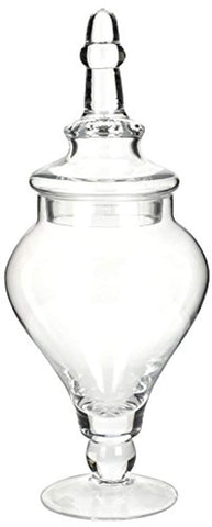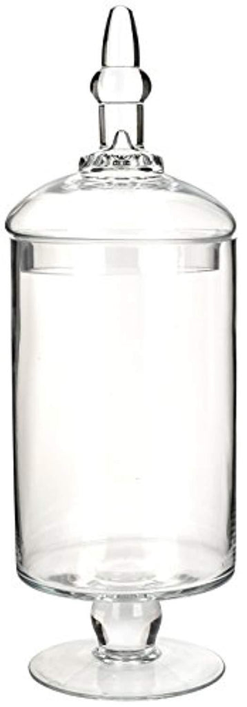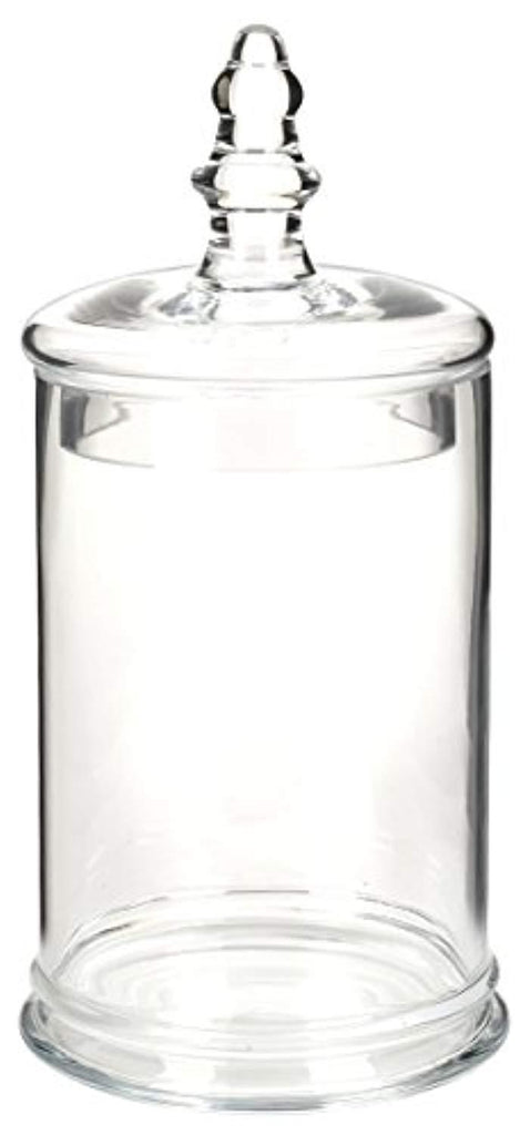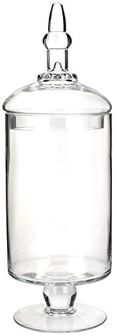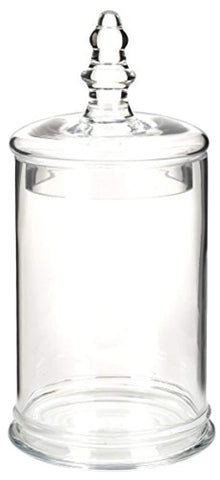 Dims from Large to small w/ lids : 14.3" H x 3.6" W , 12.5" H x 5" W, 8.8" H x 4.2" W Perfect for use as wedding centerpieces, candy buffets, decor. Elegant clear glass Perfect for home décor use in the bathroom, kitchen, bedroom or any room in between Put seashells, flowers, small dried pasta, dried beans, grains, cookies, candy, fruit, and more
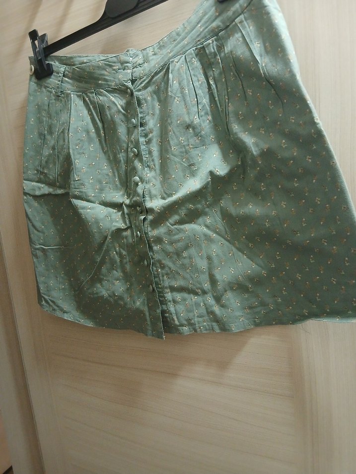 Yeşil pamuk mini etek, düğmeli ve bol kesimdir. Vintage bohem tarzında, günlük kullanıma uygundur.
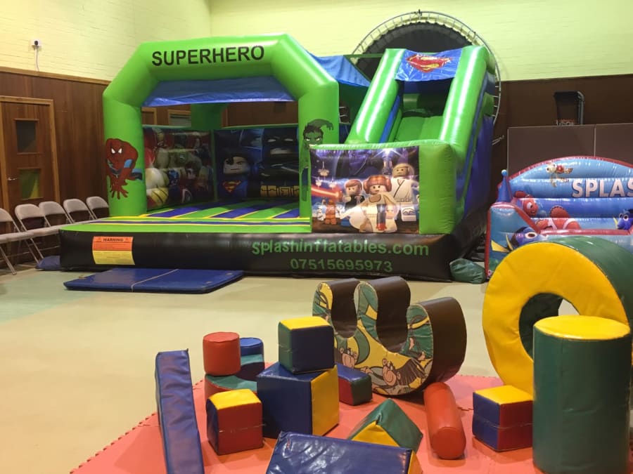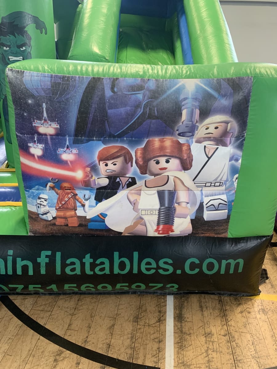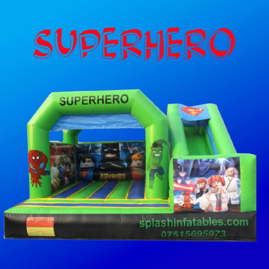 Wonderful Green superhero bouncy castle for all the little superheros out there!
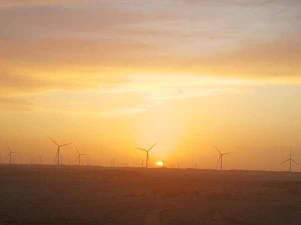 茫茫的戈壁灘,視野盡頭,是一條天地交接的分割線,成百上千的“大風車”(風力發電機組),一排排旋轉的風機擎天而立、迎風飛旋,與藍天、白云相襯,蔚為壯觀,巨大的葉片在風中緩緩轉動劃出優美的弧線,我贊嘆不已,拿起手機,拍下了這獨有的“風景”。
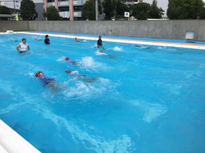 受付やプールカードの変更点にも慣れてきた様子です。プールを楽しんでいました。
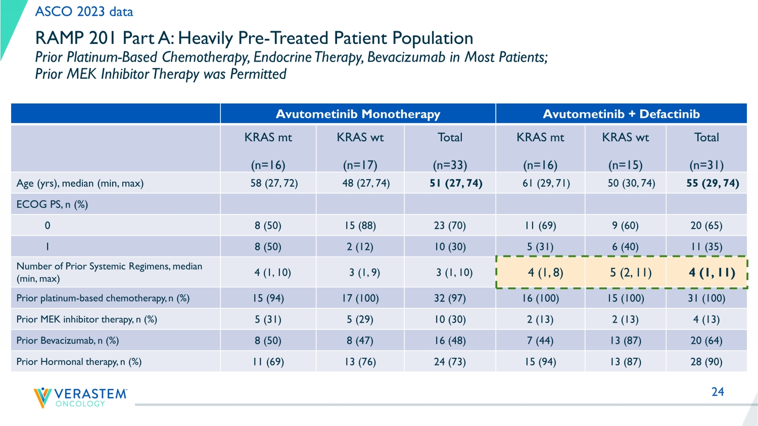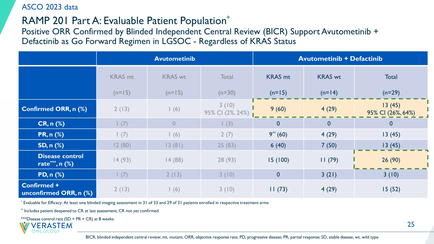 24 RAMP 201 Part A: Heavily Pre - Treated Patient Population Prior Platinum - Based Chemotherapy, Endocrine Therapy, Bevacizumab in Most Patients; Prior MEK Inhibitor Therapy was Permitted Avutometinib Monotherapy Avutometinib + Defactinib KRAS mt (n=16) KRAS wt (n=17) Total (n=33) KRAS mt (n=16) KRAS wt (n=15) Total (n=31) Age (yrs), median (min, max) 58 (27, 72) 48 (27, 74) 51 (27, 74) 61 (29, 71) 50 (30, 74) 55 (29, 74) ECOG PS, n (%) 0 8 (50) 15 (88) 23 (70) 11 (69) 9 (60) 20 (65) 1 8 (50) 2 (12) 10 (30) 5 (31) 6 (40) 11 (35) Number of Prior Systemic Regimens, median (min, max) 4 (1, 10) 3 (1, 9) 3 (1, 10) 4 (1, 8) 5 (2, 11) 4 (1, 11) Prior platinum - based chemotherapy, n (%) 15 (94) 17 (100) 32 (97) 16 (100) 15 (100) 31 (100) Prior MEK inhibitor therapy, n (%) 5 (31) 5 (29) 10 (30) 2 (13) 2 (13) 4 (13) Prior Bevacizumab, n (%) 8 (50) 8 (47) 16 (48) 7 (44) 13 (87) 20 (64) Prior Hormonal therapy, n (%) 11 (69) 13 (76) 24 (73) 15 (94) 13 (87) 28 (90) ASCO 2023 data
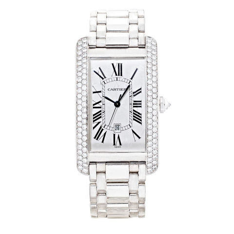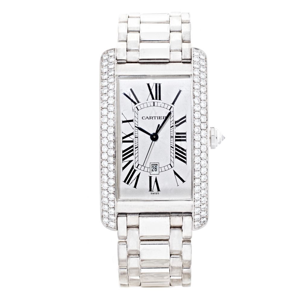 • Cartier Tank Americaine 18 Karat White Gold & Diamond Watch
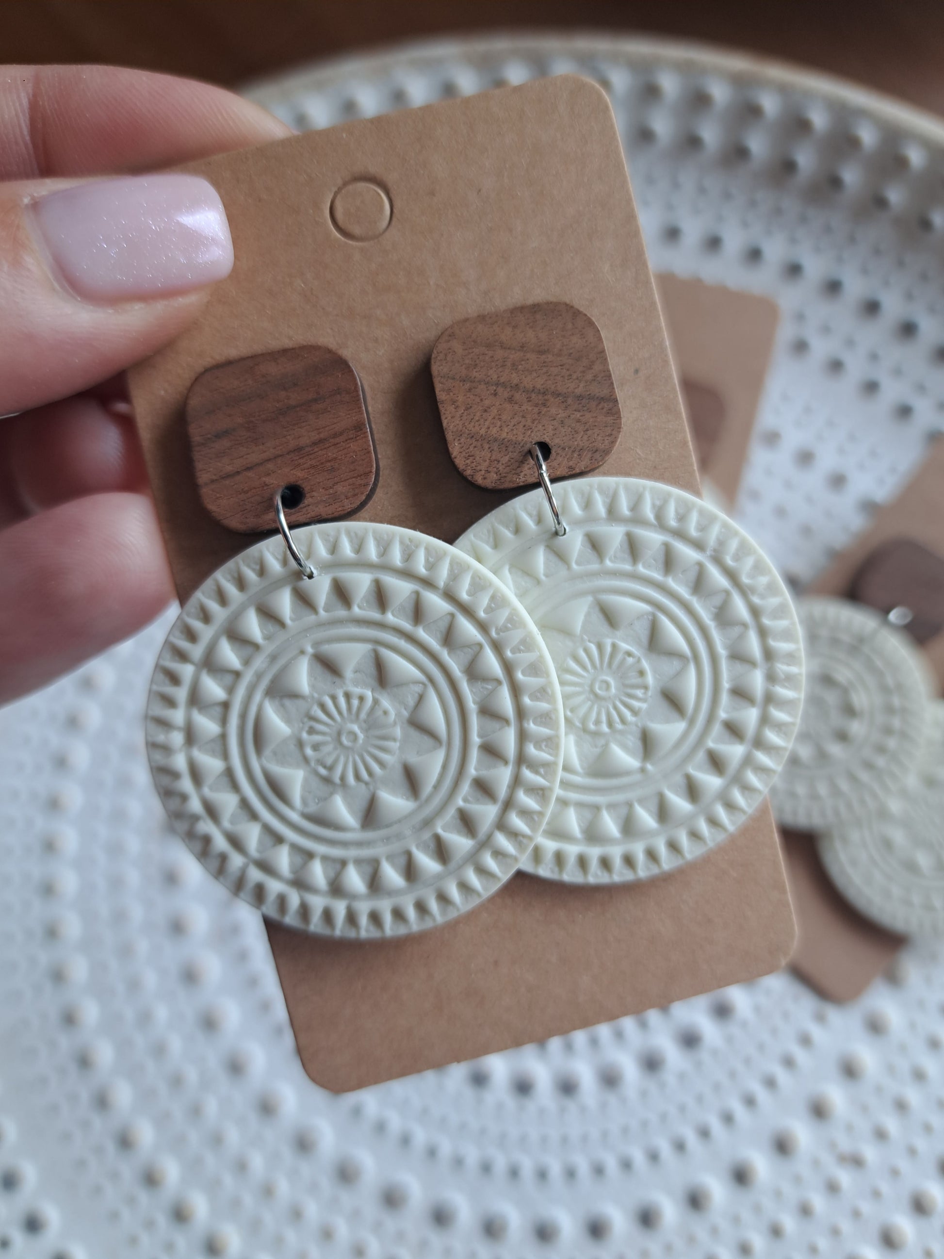 Polymerton ist eine ofenhärtende Modelliermasse die sich vor allem durch ihr leichtes Gewicht auszeichnet. Daher sind die Ohrringe sehr angenehm zu tragen und beschweren deine Ohren nicht. Nach dem Ausrollen und in Form bringen werden die Ohrringe gebacken und durchlaufen danach viele verschieden Arbeitsschritte. Einige Arbeitsschritte kannst du dir auch Hier ansehen. Manche Modelle werden nach dem Backen mit UV Harz versiegelt. Die Rückseiten der Ohrringe sind in der Regel nicht bearbeitet.
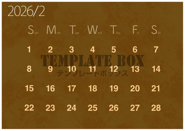 無料テンプレート:2026年2月カレンダー:横型質感あるカレンダー
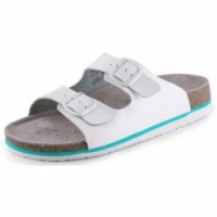 Dámské bílé zdravotní korkové nazouváky s anatomicky tvarovanou stélkou. Se dvěma nastavitelnými nártními pásky a rovnou podešví. velikost: 35 - 41 provedení: dámské materiál: svršek i stélka z hovězí semišové kůže, podešev EVA barva: bílá certifikace: EN ISO 20347 anatomicky tvarovaná stélkaDámské nazouváky CXS Cork Lisa, bílé
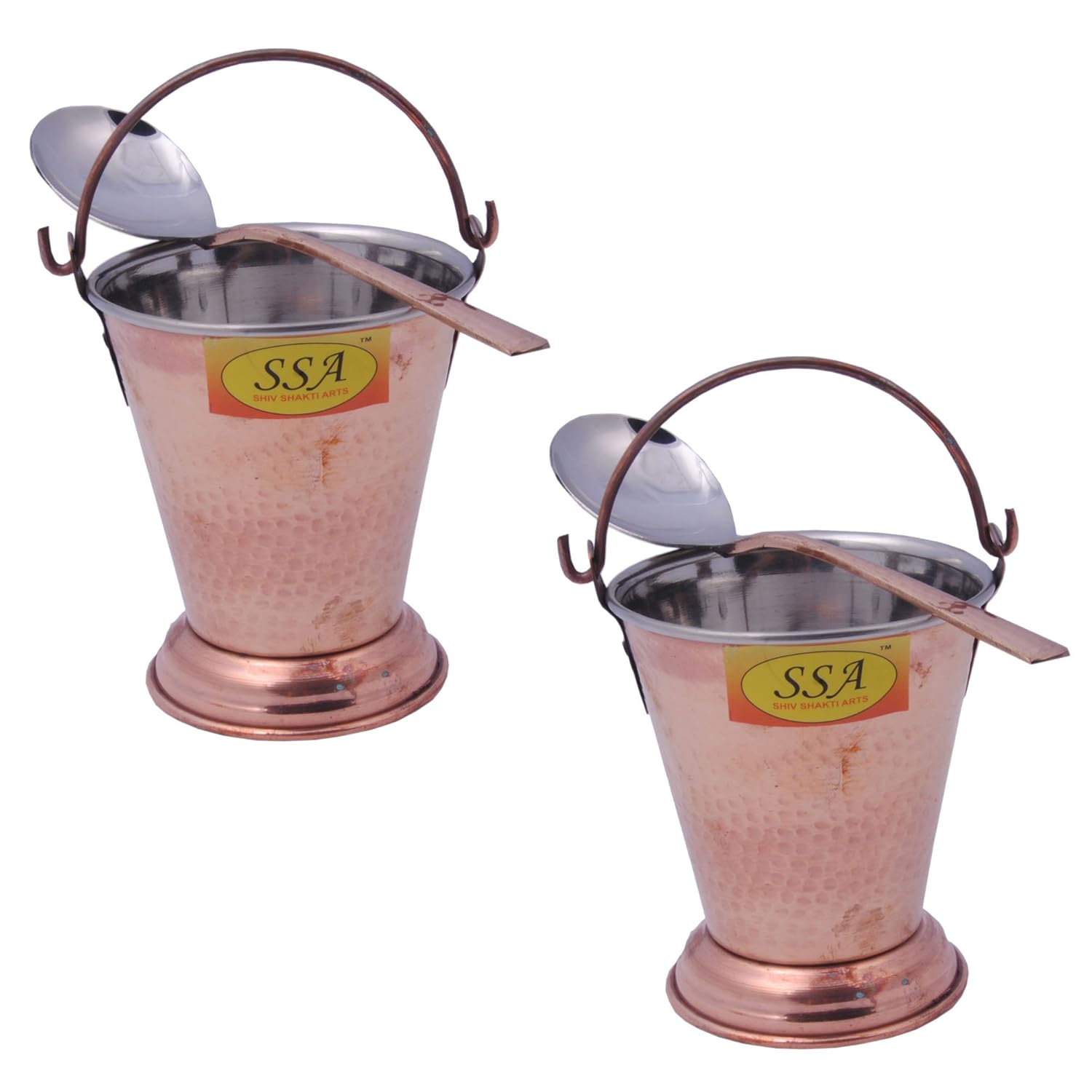 SHIV SHAKTI ARTS 11 x 10.5 X 6 cm Handmade Set Of 2 Traditional Steel Coppe...
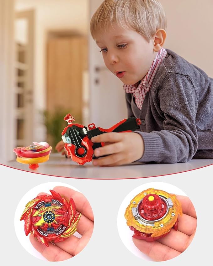 【 ベイバトルトップ x 1、ベイランチャーLRとグリップ x 1、ステッカー x 1。 画像をご参照ください。 新しくアップグレードされたランチャーとハンドルにより、ジャイロパワーがより豊富になり、子供が戦っているときの操作がより便利になります。
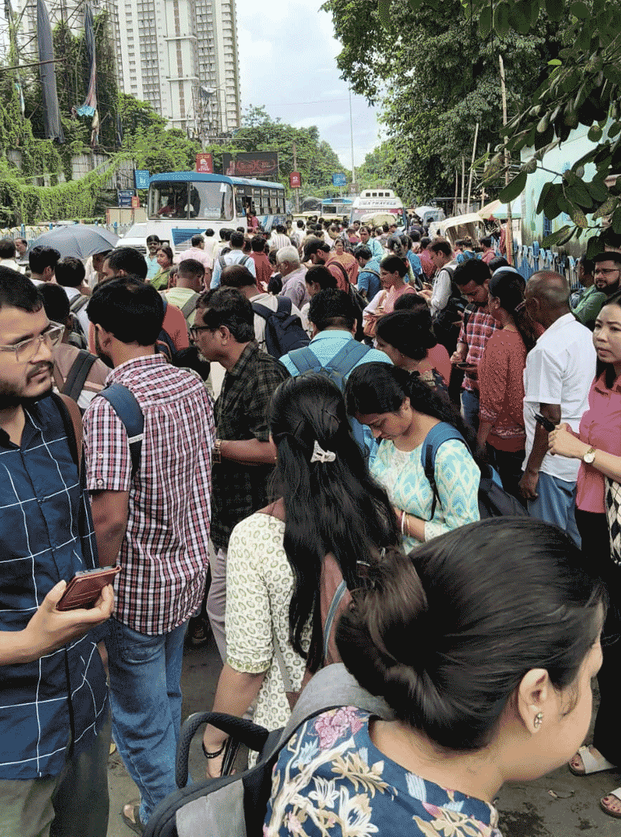 “I had boarded the train from Shahid Khudiram to reach my office, but suddenly we were asked to get down without any explanation. The platform was already packed, and the situation became chaotic,” said one commuter.
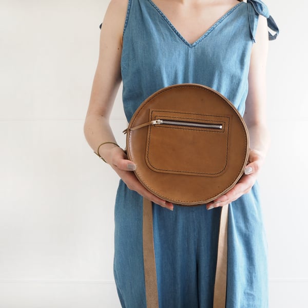 Brown Leather Bag Round Bag Crossbody Round Purse Gift Handbag Very well made.

------------------------------------

• **EXERCISE DESCRIPTION**
Copy out every entry above word for word; omit the images.

• **RESPONSE TO THE TASK**
 Dims from Large to small w/ lids : 14.3" H x 3.6" W , 12.5" H x 5" W, 8.8" H x 4.2" W Perfect for use as wedding centerpieces, candy buffets, decor. Elegant clear glass Perfect for home décor use in the bathroom, kitchen, bedroom or any room in between Put seashells, flowers, small dried pasta, dried beans, grains, cookies, candy, fruit, and more
 Yeşil pamuk mini etek, düğmeli ve bol kesimdir. Vintage bohem tarzında, günlük kullanıma uygundur.
 Wonderful Green superhero bouncy castle for all the little superheros out there!
 茫茫的戈壁灘,視野盡頭,是一條天地交接的分割線,成百上千的“大風車”(風力發電機組),一排排旋轉的風機擎天而立、迎風飛旋,與藍天、白云相襯,蔚為壯觀,巨大的葉片在風中緩緩轉動劃出優美的弧線,我贊嘆不已,拿起手機,拍下了這獨有的“風景”。
 受付やプールカードの変更点にも慣れてきた様子です。プールを楽しんでいました。
 24 RAMP 201 Part A: Heavily Pre - Treated Patient Population Prior Platinum - Based Chemotherapy, Endocrine Therapy, Bevacizumab in Most Patients; Prior MEK Inhibitor Therapy was Permitted Avutometinib Monotherapy Avutometinib + Defactinib KRAS mt (n=16) KRAS wt (n=17) Total (n=33) KRAS mt (n=16) KRAS wt (n=15) Total (n=31) Age (yrs), median (min, max) 58 (27, 72) 48 (27, 74) 51 (27, 74) 61 (29, 71) 50 (30, 74) 55 (29, 74) ECOG PS, n (%) 0 8 (50) 15 (88) 23 (70) 11 (69) 9 (60) 20 (65) 1 8 (50) 2 (12) 10 (30) 5 (31) 6 (40) 11 (35) Number of Prior Systemic Regimens, median (min, max) 4 (1, 10) 3 (1, 9) 3 (1, 10) 4 (1, 8) 5 (2, 11) 4 (1, 11) Prior platinum - based chemotherapy, n (%) 15 (94) 17 (100) 32 (97) 16 (100) 15 (100) 31 (100) Prior MEK inhibitor therapy, n (%) 5 (31) 5 (29) 10 (30) 2 (13) 2 (13) 4 (13) Prior Bevacizumab, n (%) 8 (50) 8 (47) 16 (48) 7 (44) 13 (87) 20 (64) Prior Hormonal therapy, n (%) 11 (69) 13 (76) 24 (73) 15 (94) 13 (87) 28 (90) ASCO 2023 data
 • Cartier Tank Americaine 18 Karat White Gold & Diamond Watch
 Polymerton ist eine ofenhärtende Modelliermasse die sich vor allem durch ihr leichtes Gewicht auszeichnet. Daher sind die Ohrringe sehr angenehm zu tragen und beschweren deine Ohren nicht. Nach dem Ausrollen und in Form bringen werden die Ohrringe gebacken und durchlaufen danach viele verschieden Arbeitsschritte. Einige Arbeitsschritte kannst du dir auch Hier ansehen. Manche Modelle werden nach dem Backen mit UV Harz versiegelt. Die Rückseiten der Ohrringe sind in der Regel nicht bearbeitet.
 無料テンプレート:2026年2月カレンダー:横型質感あるカレンダー
 Dámské bílé zdravotní korkové nazouváky s anatomicky tvarovanou stélkou. Se dvěma nastavitelnými nártními pásky a rovnou podešví. velikost: 35 - 41 provedení: dámské materiál: svršek i stélka z hovězí semišové kůže, podešev EVA barva: bílá certifikace: EN ISO 20347 anatomicky tvarovaná stélkaDámské nazouváky CXS Cork Lisa, bílé
 SHIV SHAKTI ARTS 11 x 10.5 X 6 cm Handmade Set Of 2 Traditional Steel Coppe...
 【 ベイバトルトップ x 1、ベイランチャーLRとグリップ x 1、ステッカー x 1。 画像をご参照ください。 新しくアップグレードされたランチャーとハンドルにより、ジャイロパワーがより豊富になり、子供が戦っているときの操作がより便利になります。
 “I had boarded the train from Shahid Khudiram to reach my office, but suddenly we were asked to get down without any explanation. The platform was already packed, and the situation became chaotic,” said one commuter.
 Brown Leather Bag Round Bag Crossbody Round Purse Gift Handbag Very well made.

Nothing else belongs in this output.